Аксюта еще с вечера продумала, как держать себя у Мурашевых. Оделась она по-городскому, в самое свое нарядное платье, и говорить решила не по-деревенски.
«Чем бы не невеста Павлу!» — вздыхала Ниловна, любуясь девушкой, начавшей кроить платье.
Работала Аксюта быстро, она у Савиной научилась шить на машинке. К вечеру первое нарядное шелковое платье было готово. Наталья надела его, сбросила платочек с пышной короны волос и прошла в горницу.
— Ай, Аксинья Федоровна! Золотые руки! — говорил добродушно Петр Андреевич.
Аким взглянул на отца. Ему сделалось стыдно за него. «Такую девушку оговорил!» — думал он с возмущением. У старшего Мурашева мелькнуло: «А куда лучше Зинаиды. Правильно говорил Павел, что такую кому угодно показать можно».
— Может, и мне, Аксюта, платье сошьешь, хоть на свадьбу нас и не зовут? — съязвила младшая сноха.

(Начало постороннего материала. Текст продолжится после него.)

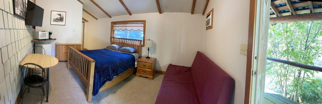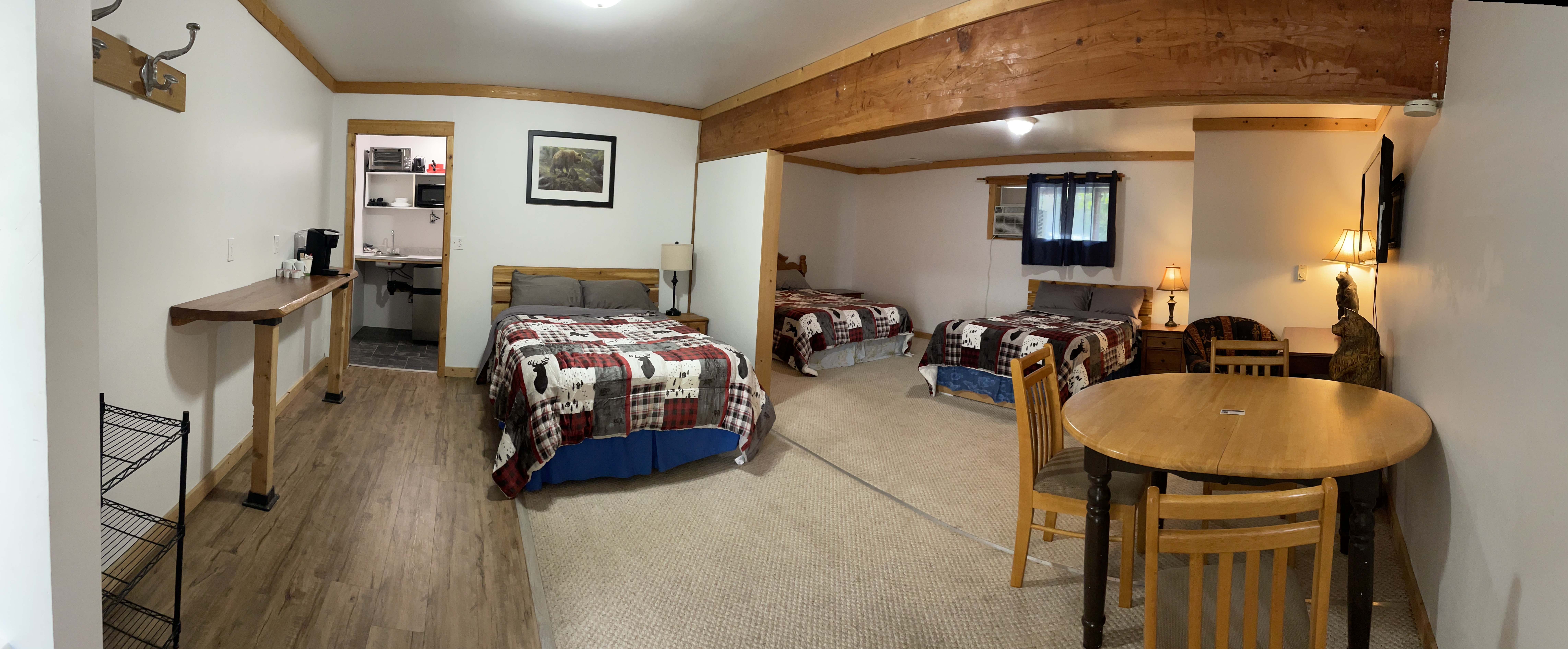 This unit is a self contained room that is tucked away in quiet corner of the maim building. It has it's own private entrance, along with 1 Queen size bed and a Queen size pullout. It is a great option for a couple or someone wishing for a little privacy from their group.

Свекор поглядел на нее сурово, но тотчас же заулыбался.
— А что ж, Варенька! Проси Аксиньюшку, а материи хватит. Хорошее платье и дома нужно. А на свадьбу вон и мать не поедет — мирщиться вам не привычно.
— Мне одинаково, кому шить. Вот кончу Наталье Михайловне еще два платья, сошью и вам. Время есть, — ответила спокойно Аксюта.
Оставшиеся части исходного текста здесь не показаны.